House prices in Sydney and Melbourne have risen over 1200 per cent in 20 years

by | Aug 29, 2016 | property

This article was first published by Anthony Keane via News Corp Australia Network on 26th Aug 2016 | Image: Getting into the property market in any capital city in Australia is not easy but it will be highly rewarding over time.


HOUSE prices are still effectively doubling every decade in Australia’s capital cities for owners prepared to hold for the long term.


An analysis by News Corp Australia of price data going back 36 years shows that the major capital cities have shown strong similarities in median house price growth and all have increased at least 1100 per cent since 1980.


Real Estate Institute of Australia figures show that anybody who bought in any capital city 20 years ago has doubled their money several times over.


Sydney and Melbourne, currently enjoying house price booms, are the biggest long-term improvers, up more than 1400 and 1600 per cent respectively.
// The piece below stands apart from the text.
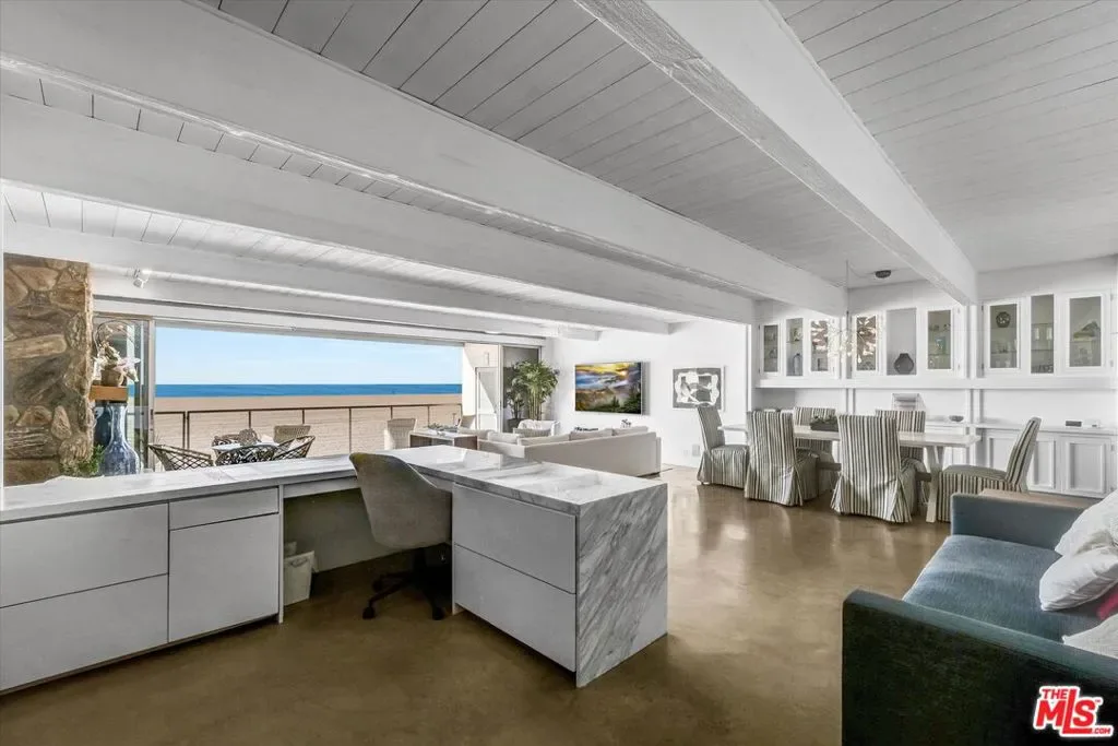 Welcome to your oceanfront paradise in one of the best funded/managed HOA’s in the area (close to a million in reserves!). Enjoy 30 feet of ocean frontage with breathtaking, unobstructed views stretching from Malibu to Catalina. Floor-to-ceiling glass doors open onto a spacious oceanfront balcony, offering direct beach access via private steps to the sand. The absence of continuous sidewalks and nearby parking ensures a peaceful, secluded atmosphere.Designed for seamless indoor-outdoor living, the home features polished cement floors throughout, a step-down living room with a stone fireplace, and a versatile oceanfront great room with space for dining and an office. The kitchen showcases ocean views, stainless steel appliances, and granite countertops.Additional highlights include 2 large en-suite bedrooms, a laundry room, powder room and 3 reserved parking spaces. Perfectly situated for year-round beach walks,dolphin watching, and spectacular sunsets. FULLY FURNISHED AVAILABLE.

Brisbane and Perth were leaders of the pack previously.






Cities that haven’t doubled in the past 10 years — Adelaide, Brisbane, Perth, Hobart, Darwin and Canberra — have all trebled in value in the past 20 years.


Real Estate Institute of Australia president Neville Sanders said that after almost 50 years in real estate, he had found that price cycles were consistent “but not always predictable”.


Occasional dips and downturns reflected factors such as interest rates, unemployment and prices cooling off after a boom, he said.


“When you are in the middle of a cycle, you don’t think too much about what it was like three years ago and you don’t know what it’s going to be like in another three years,” Mr Sanders said.

“Property is a long-term investment — it’s not about buying now and selling in two or three years to take a profit. Some do that if they hit the right cycle at the right time, but it’s luck.”

Mr Sanders said while the auction market grabbed the most headlines, it accounted for less than 40 per cent of overall sales.

“Most sales are private sales negotiated by agents — there’s no theatre so you don’t get as much reporting,” he said.

“Things just keep ticking along. If you hold through a cycle, and through the next one, you get to benefit from that consistent long-term growth.”

BInvested co-founder Nathan Birch said capital city property markets did not move at the same time, which created opportunities for investors.


Mr Birch, who at 31 owns more than 200 properties across three states, bought up big in Sydney during its long period of low and negative returns in the 2000s.


“People say it’s dangerous, but I heard the same stuff in 2003. I heard that I was stupid and was going to go broke,” he said.




Anyone buying real estate needed to have a plan, a strategy and a long-term view, Mr Birch said.


“Researching the market takes up a lot of my time. Knowing what else has sold in the area, for how much and also understanding the neighbourhood, not just the suburb you’re investing in, is essential,” he said.